[HN Gopher] The part of Postgres we hate the most: Multi-version...
       ___________________________________________________________________
        
       The part of Postgres we hate the most: Multi-version concurrency
       control
        
       Author : andrenotgiant
       Score  : 103 points
       Date   : 2023-04-26 17:10 UTC (5 hours ago)
        
 (HTM) web link (ottertune.com)
 (TXT) w3m dump (ottertune.com)
        
       | audioheavy wrote:
       | My main takeaway from this article: as popular as Postgres and
       | MySQL are, and understanding the legacy systems built for them,
       | it will always require deep expertise and "black magic" to
       | achieve enough performance and scale for hyper scale use cases.
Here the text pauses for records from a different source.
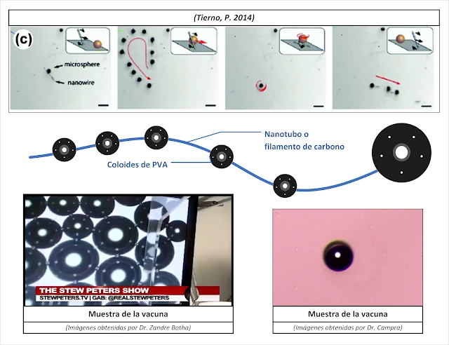 Este descubrimiento es muy importante, puesto que los nano-robots pueden auto-configurarse en soluciones acuosas, a partir de los materiales afines y presentes en su entorno, en un conjunto desordenado o caótico, similar al que se encuentra en las vacunas del c0r0n@v|rus. De esta forma, patrones como las burbujas de PVA (Polyvinyl Alcohol, o bien Alcohol de polivinilo), entre otros posibles materiales esferoides, observados en las muestras de la vacuna (véase figura 9, cuadros inferiores), podrían ser asimiladas en nanotubos carbono para conformar este tipo de objetos móviles. De hecho, esto se demuestra parcialmente en el trabajo sobre PVA de (Yao, Z.C.; Yuan, Q.; Ahmad, Z.; Huang, J.; Li, J.S.; Chang, M.W. 2017) en donde se indica que “En tiempos recientes, la diversificación de la estructura de la fibra a través de ES (proceso de electrohilado) se ha demostrado mediante la ingeniería de estructuras Janus, trenzadas y núcleo-capa. Además de estas estructuras, las fibras con cuentas también están emergiendo como arquitecturas valiosas, aunque la uniformidad de dichos materiales es significativamente diferente a la de sus contrapartes perfectamente electrohiladas. Las fibras con cuentas se preparan comúnmente (cuando se usa ES), mediante el despliegue de soluciones que poseen bajas concentraciones de polímero“. Dicho de otra forma, las fibras con cuentas de PVA o lo que es lo mismo, coloides, son un instrumento para el suministro y entrega de fármacos en aplicaciones biomédicas contra el cáncer (Zhang, Y.; He, Z.; Yang, F.; Ye, C.; Xu, X.; Wang, S.; Zou, D. 2021) e incluso la regeneración de tejidos en combinación con el ya conocido Chitosan (Grande-Tovar, C.D.; Castro, J.I.; Valencia, C.H.; Navia-Porras, D.P.; Mina-Hernández, J.H.; Valencia, M.E.; Chaur, M.N. 2019). Es en este punto donde se encuentra la segunda identificación de los patrones observados en las vacunas del c0r0n@v|rus, en la literatura científica, tal como se puede apreciar en la figura 10.
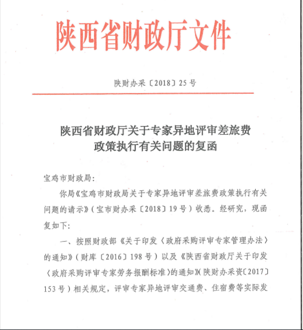 陕西省财政厅关于专家异地评审差旅费政策执行有关问题的复函
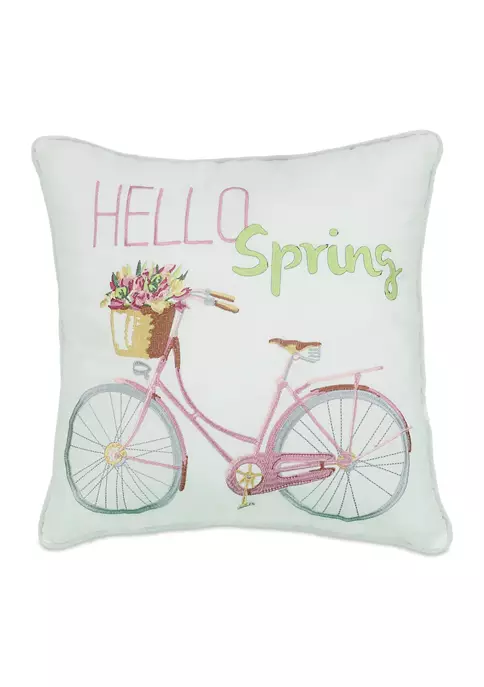 This pillow features a “hello spring!” novelty bicycle with a basket of flowers with appliqué and embroidery details.
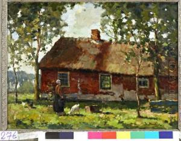 Berend Jan Barand Brouwer’s Geitje Voeren Op Zonnig Boerenerf captures the idyllic charm of rural Dutch life in the 19th century. The painting radiates warmth, depicting a sunlit farmyard where a child tenderly feeds a young goat, surrounded by rustic farm buildings and lush greenery. Brouwer’s meticulous attention to detail and soft, naturalistic color palette exemplify the Romantic-era emphasis on pastoral beauty and sentimental storytelling. As a lesser-known but skilled Dutch painter, Brouwer contributed to the tradition of genre painting, which flourished in the Netherlands during this period. His work aligns with contemporaries like Jozef Israëls, though with a gentler, more intimate approach. The painting’s nostalgic yet serene quality offers a glimpse into 19th-century rural values, making it a subtle but valuable piece in the canon of Dutch Romanticism.
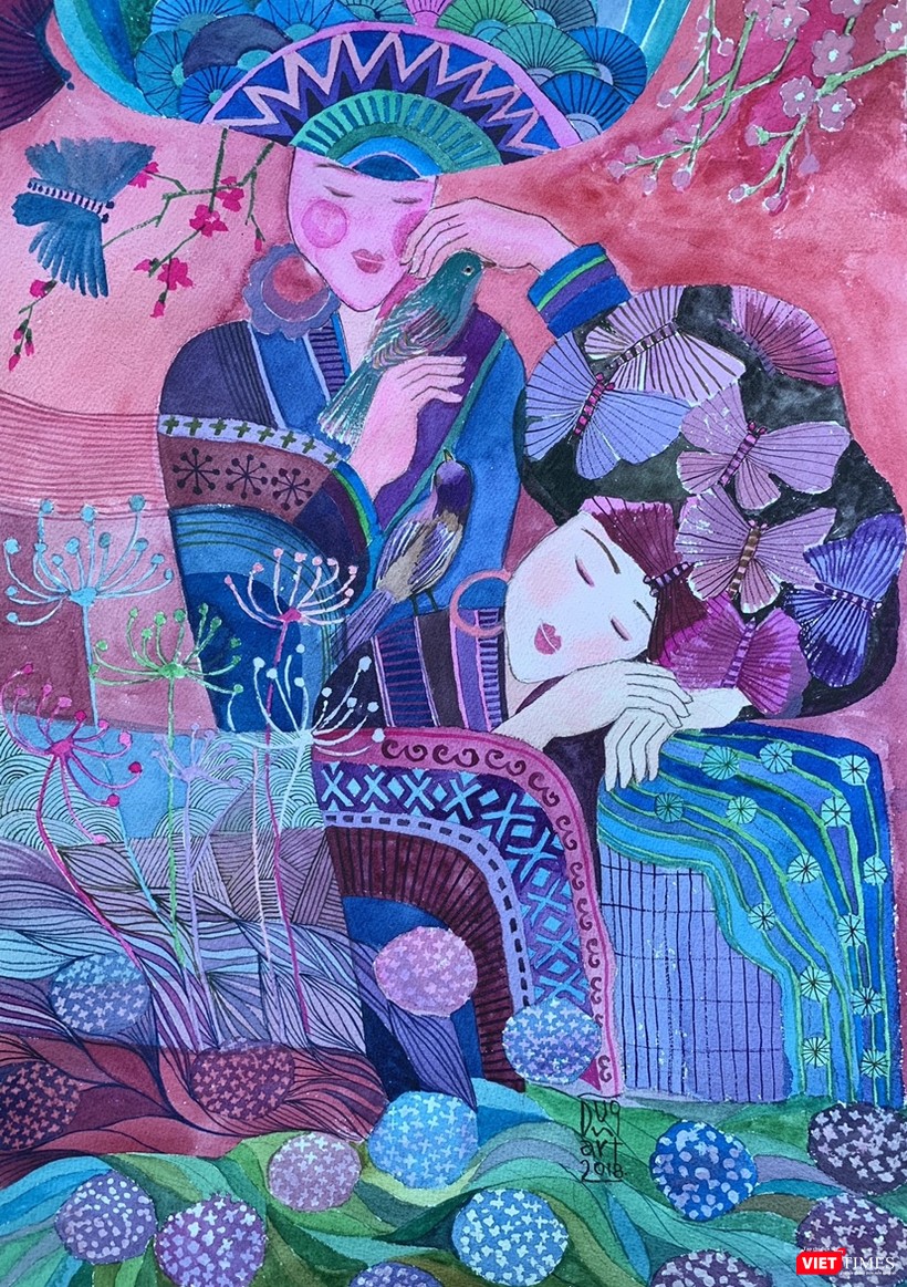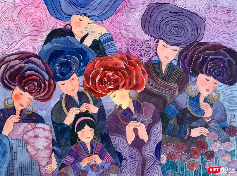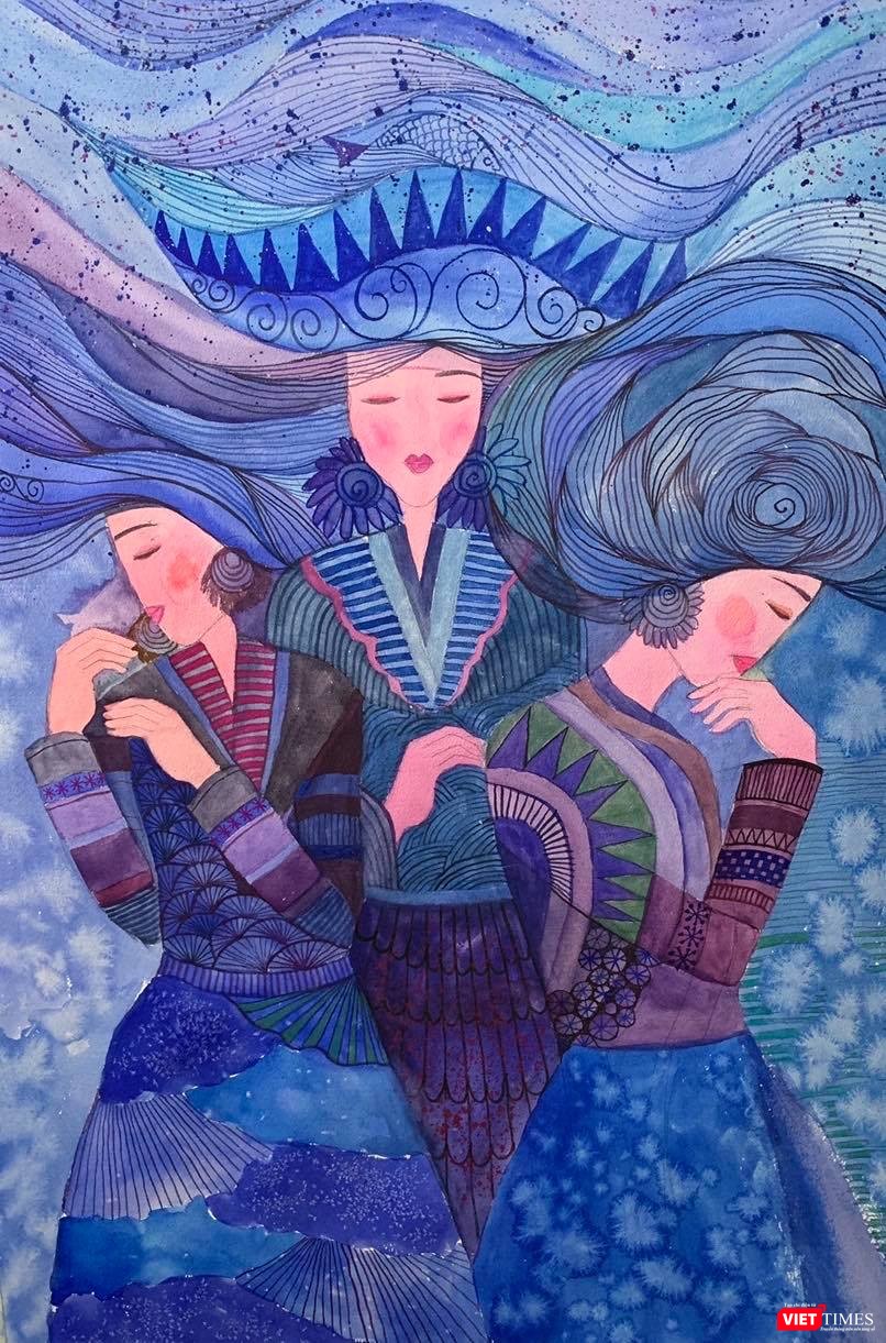 Vừa vẽ tranh, vừa tìm hiểu về công việc làm nông, trồng đay, trồng lanh, sản xuất vải thủ công. Lo ngại nghề nhuộm chàm có thể mai một, Linh mong muốn nghiên cứu và làm nhiều hơn tác phẩm với chất liệu này, để bà con Sapa vững tin vào giá trị truyền thống.

       | It justifies the (current) trend to have DB's built for
       | distributed tx/writes/reads that you don't have to become a
       | surgeon to scale. There are other DBs and DBaaS that, although
       | not OSS, have solved this problem in a more cost-efficient way
       | than having a team of surgeons.
        
         | zie wrote:
         | I would argue, you handle the hyper-scale use case when you are
         | actually in hyper-scale. Trying to pre-maturely optimize this
         | is almost always a waste of time and chances are you will screw
         | it up anyway. Almost nobody gets to that scale anyway. If you
         | do get to that scale, you have the money and resources to fix
         | the problem(s) at that time.
        
       | zinclozenge wrote:
       | I guess the question is, which MVCC strategy would be the "right"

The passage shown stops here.